This question has been answered in Canada and the answer is yes-we will all have the same level of benefits and if you want additional benefits you will have to leave the country. In the United Kingdom, everyone has the same level of benefits except for those who buy additional benefits with private insurance.
In the United States, we have ostensibly said yes by providing the same level of benefits in our Medicaid and Medicare programs as private insurance. However, we have quietly reduced access in the Medicaid arena by paying physicians significantly less than what Medicare and private insurance pay. As a result of these reduced payments to physicians, many of the top specialists do not participate in the Medicaid plans, thereby reducing access to high-tech services and procedures. In certain states, the Medicare programs mandate generic drugs where there is a brand substitute.

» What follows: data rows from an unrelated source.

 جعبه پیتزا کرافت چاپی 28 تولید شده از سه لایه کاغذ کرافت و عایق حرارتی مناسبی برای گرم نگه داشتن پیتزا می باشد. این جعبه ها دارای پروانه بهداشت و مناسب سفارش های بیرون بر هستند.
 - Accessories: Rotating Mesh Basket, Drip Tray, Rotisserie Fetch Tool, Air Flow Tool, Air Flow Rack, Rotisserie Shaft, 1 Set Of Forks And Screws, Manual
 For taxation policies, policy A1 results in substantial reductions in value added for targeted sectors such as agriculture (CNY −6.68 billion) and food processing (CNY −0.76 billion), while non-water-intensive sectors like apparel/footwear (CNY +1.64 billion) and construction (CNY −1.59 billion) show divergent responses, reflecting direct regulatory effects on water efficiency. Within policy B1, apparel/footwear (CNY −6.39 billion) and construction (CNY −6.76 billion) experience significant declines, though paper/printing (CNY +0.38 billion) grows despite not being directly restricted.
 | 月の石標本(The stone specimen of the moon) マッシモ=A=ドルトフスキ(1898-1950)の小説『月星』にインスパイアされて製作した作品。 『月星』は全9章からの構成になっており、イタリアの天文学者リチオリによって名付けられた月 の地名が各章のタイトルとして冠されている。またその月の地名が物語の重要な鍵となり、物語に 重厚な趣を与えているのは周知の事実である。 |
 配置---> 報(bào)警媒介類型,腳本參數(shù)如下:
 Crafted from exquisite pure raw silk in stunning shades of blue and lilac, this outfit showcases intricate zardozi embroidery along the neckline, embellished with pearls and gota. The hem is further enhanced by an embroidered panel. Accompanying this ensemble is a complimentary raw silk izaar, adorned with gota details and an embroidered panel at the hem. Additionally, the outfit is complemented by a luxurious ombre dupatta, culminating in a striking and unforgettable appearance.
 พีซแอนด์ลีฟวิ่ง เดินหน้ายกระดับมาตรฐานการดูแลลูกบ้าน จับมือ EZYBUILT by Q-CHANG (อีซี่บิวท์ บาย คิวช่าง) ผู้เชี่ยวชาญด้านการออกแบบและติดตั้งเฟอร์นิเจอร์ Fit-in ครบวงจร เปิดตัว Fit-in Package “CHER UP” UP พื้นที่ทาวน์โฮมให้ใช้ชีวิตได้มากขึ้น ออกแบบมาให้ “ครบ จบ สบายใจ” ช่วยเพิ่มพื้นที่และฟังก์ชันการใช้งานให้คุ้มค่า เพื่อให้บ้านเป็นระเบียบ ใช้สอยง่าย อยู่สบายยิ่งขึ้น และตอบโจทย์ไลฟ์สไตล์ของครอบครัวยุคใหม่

Until we decisively answer this question, state and federal budgets will continue to underfund Medicaid and the cost of these higher-tech procedures will continue to be borne by the private insurance marketplace. And as private insurance medical cost increases continue at the unsustainable double digits, the sooner we answer the question of whether Medicaid is going to have equal benefits to private insurance or not, the faster we can solve the current private insurance cost crisis.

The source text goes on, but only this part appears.